Her hope that some day her mother would be a real mom was finally realized when her mother had a falling out with the relatives that were living with her. She asked Robin to come stay with her because she didn’t trust anyone else. That brief taste of connection was short-lived, however. Her mother, suffering from dementia due to Alzheimer’s, had mood swings. One day, about two weeks after she had moved in, she started choking Robin, and Robin had a tough time getting her to let go. Her mother died soon thereafter, in 2018. A gaggle of greedy relatives forced Robin out of the house again, and she was homeless for the next seven years. Because she has two fractures in her back, sleeping in a car or on the street was especially painful and added to her depression. She found her way into various local shelters and temporary housing but they all presented problems.

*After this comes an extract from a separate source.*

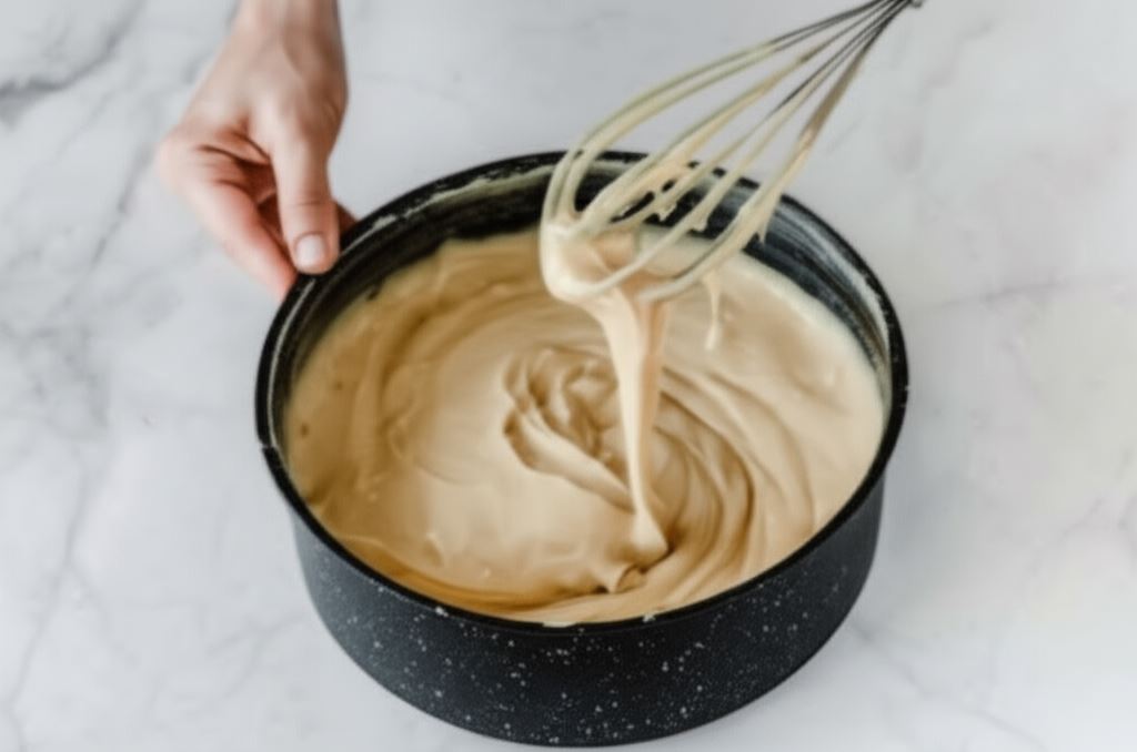 Resztę mleka doprowadzamy do wrzenia. Następnie dodajemy do niego mieszaninę z żółtkami i dokładnie mieszamy, aż masa stanie się gęsta. Odstawiamy z ognia, przelewamy do czystego pojemnika i przykrywamy folią aluminiową. Odczekujemy do ostygnięcia.

When she was at PATH, a man came into her shower. At other shelters, there was bad lighting and some areas are too secluded so women, especially new intakes, are vulnerable, she said. “ You’ve got tweakers up all night running the show, there’s drugs moving in and out. It affects you. I’ve had breakdowns.”

She feels that the system needs an overhaul if it is to ever be successful at reducing homelessness. “Trust is impossible because case workers will ghost you. The Housing Commission keeps the money that went to your rent. You’re a number. The landlords are afraid of the young punk junkies in the building. The young kids are all out doing drugs and people like me are the target. Everyone I’ve met has been robbed. They even stole my wallet from right off my handlebars when I was trying to unlock the gate to the apartment complex here. They need help, they need a hand.”

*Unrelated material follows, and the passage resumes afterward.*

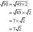 Look for perfect squares that are factors of 98.  Try 4, 9, 16 etc.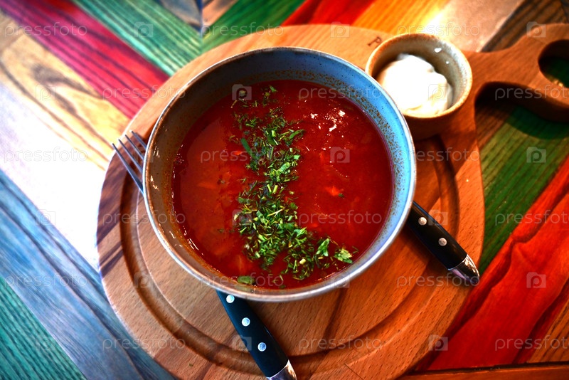 Толстый и сытный красный суп сидит в чаше, увенчанной свежими травами, рядом с небольшим блюдом из сливок. Красочный фон ресторана добавляет привлекательной атмосферы

The constant vulnerability and victimization takes its toll. “I’ve been crying a lot lately because you get exposed to so much. You don’t make real friends. You meet people whose whole persona is ‘do you got…’ something, whatever they are looking for - cigarettes, money,” she said. “Especially the women. They see us as vulnerable. We’re targets.” She knows the housed population is tired of hearing about homelessness. “I spent Christmas on the beach in PB in a tent. I understand how people look at us. Trump is putting us in concentration camps in Utah and making them work. It’s psycho.”

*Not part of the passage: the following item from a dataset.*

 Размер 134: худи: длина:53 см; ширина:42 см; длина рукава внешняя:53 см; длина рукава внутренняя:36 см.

The apartment she currently is supposed to be living in recently had an electrical fire in the closet. She wasn’t home when fire fighters sprayed the studio apartment with retardant. Her belongings were piled into the center of the room and covered with a plastic tarp. “An inspector from the Housing Commission came and declared it uninhabitable,” she said. The smell of slightly astringent fire retardant still hangs heavy in the air. A cot is shoved into the corner near the window that looks onto the passageway outside her door. She is highly sensitive to smells. Of the fire retardant, she said, “My skin is burning. It’s depleting my body. I can feel it.” She is also allergic to pesticides, so when management sprayed to rid the building of roaches, she was taken to the emergency room because she couldn’t breathe. “People don’t think of these things. We’re all different,” she said. “I’m losing my mind here, I can’t stay in this room, but they are trying to evict me and it’s not my fault.”

Still Robin has a positive outlook on life. She believes in people. On her way to a church feed Sunday, a man in a wheelchair cheered her up with a brief conversation and it had a lasting impact the rest of that day. She shared that she has a grand vision for developing an app that will link to an interactive map explaining what natural resources went into making any item, and where on the planet those resources were harvested. When I pointed out that developing that app might be a bit expensive, she replied, “Money is no object when you have none. I’m learning to separate myself from my circumstances.”